US-Studie zur legalen Abgabe von Cannabisblüten an Patienten vorgestellt
Publiziert am: 27.03.14 - Medienformen: Medienform Text

Wer Cannabis kennt weiß: Es senkt das Aggressionspotential beiden meisten Usern


Die Abgabe von medizinischem Cannabisblüten hat keinerlei negativen Auswirkungen auf die Kriminalitätesrate. Zu diesem Schluss kommen Forscher der Universität Dallas/Texas, die im Rahmen ihrer Studie FBI-Daten von 1990-2006 ausgewertet haben.

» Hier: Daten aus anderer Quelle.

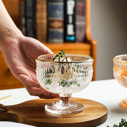 Modern Gold Rim Stem Ice Cream Glass Bowls Sunflower Dinnerware Sets Wedding Party Customized Kitchenware Food Container Fashion

In diesem Zeitraum wurde Cannabis in Alaska, Kalifornien, Colorado, Hawaii, Maine, Montana, Nevada, Oregon, Rhode Island, Vermont und Washington als Medizin zugelassen. Die Kriminalitätsrate für Verbrechen wie Vergewaltigung, Mord, Raub, Einbruch, Diebstahl und Autoaufbrüche ist in den Staaten mit einen medizinischen Cannabis-Programm nicht angestiegen.
"Die Anzahl von Morden, Raubüberfällen und tätlichen Übergriffen scheint in Staaten mit medizinischem Cannabisgestz niedriger als in anderen zu sein, besonders im Zeitraum von 1998-2006", heißt es in der Studie.
"Wir aber sollten aber vorsichtig sein zu behaupten, dass Cannabiskonsum die Mordrate senke. Das ist nicht unsere Intention", äußerte Robert Morris, Verfasser der Studie, in einer Pressemitteilung seines Instituts.